How is everyone? Im new here so please bear with me.... Ok for starters I have a 2010 sportsman 500 HO. I have a 2 inch lift. 30x10x12 Black Mambas. STI HD beadlocks. Epi clutch kit. Dynojet jet kit. Cant remember the brand but a slip on exhaust single out into a dual snorkel. Wild boar raid relocate. And the two per side through the fender snorkel kit from Snorkle your atv... I don't really trail ride anymore with this quad I have another 2010 sportsman for that. We drag race at atv parties and fairs and really anywhere we can. The way the classes are set up I have to go int the modified open class which puts me with a whole lot of quads with twice the motor I have but I always finish in the top 3 with a couple first place... God I love POLARIS!!!!! So here is my question. I have talked to speedwerx. They are saying to get rid of the stock carb and go to a mechanical carb. Go with there intake and jug with some port work and a diff cam.
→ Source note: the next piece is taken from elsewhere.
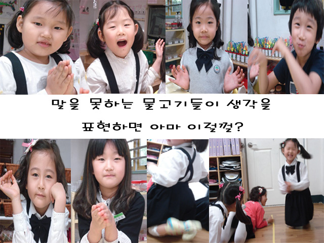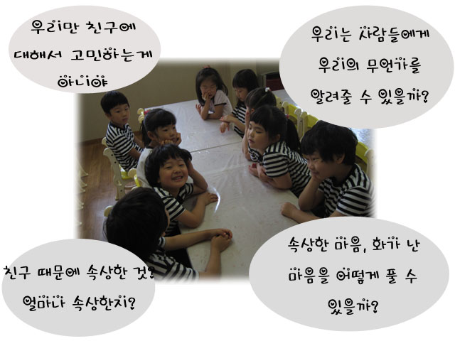 #<친구>팀은 지금까지의 만남을 통해 친구에게 속상했던 것, 친구와 함께여서 즐거웠던 것 등 <친구와의 관계, 그 때의 내 마음을 은유적으로 표현>해 보았습니다. T:그런데 우리의 이런 경험은 과연 우리들만의 이야기일까? C:아니에요. 할머니도 친구랑 싸워요. C:선생님도 싸우잖아요. T:우리가 이렇게 모임을 가지고 이야기를 나누는 것이 그 사람들에게 무언가 도움이 될 수 있을까? C:우리가 말을 들어주면 속상한 마음이 풀릴거에요. C:이런 마음이 들 때 어떻게 해야 되는지를 알려줘야 할 것 같아요. C:방법을...

So does anyone have any experience or advice all would be greatly appreciated!?!?!!! thanks guys...


----------



## Polaris425 (Dec 16, 2004)

getting rid of those bricks for tires would free up some power..... lol


----------



## CTBruterider (Jul 23, 2010)

Polaris425 said:


> getting rid of those bricks for tires would free up some power..... lol


Lol... I was thinking the exact same thing :haha:


----------



## Cameron (Jun 17, 2014)

x3 on the tires haha. 30in mambas have the rotating mass of a D6 dozer. it will all really depend on how much your willing to spend.


----------



## muddynmichigan (May 28, 2015)

lol ya there heavy but I cant do it. Those tires have made such a difference that I would rather put more into the motor and really get them turning.. Has anyone done any of these motor mods and are ya happy if so????


----------



## NMKawierider (Apr 11, 2009)

LOL..well you have put a tire on a 500 that most of us would have second thoughts on putting on an 850 or 1000.


----------



## muddynmichigan (May 28, 2015)

lol and this 500 has spanked every 850 and 1000 that ive raced.. I figured that asking here would be a waste of time unless I was trying to figure out how to do a headlight mod or put some pretty ****ing lights on it... thanks guys


----------



## ColtenG (Feb 3, 2014)

Cheaper and probably get more power out of a used big boar lol.


----------



## z24guy (Nov 27, 2010)

Do what speedwerx says then, sounds like you have all the opinion you need right there. No need to start insulting the forum. 

And it would be cheaper and more reliable to just put those tires on an 850 instead of trying to turn your 500 into somthing its not (fast).


----------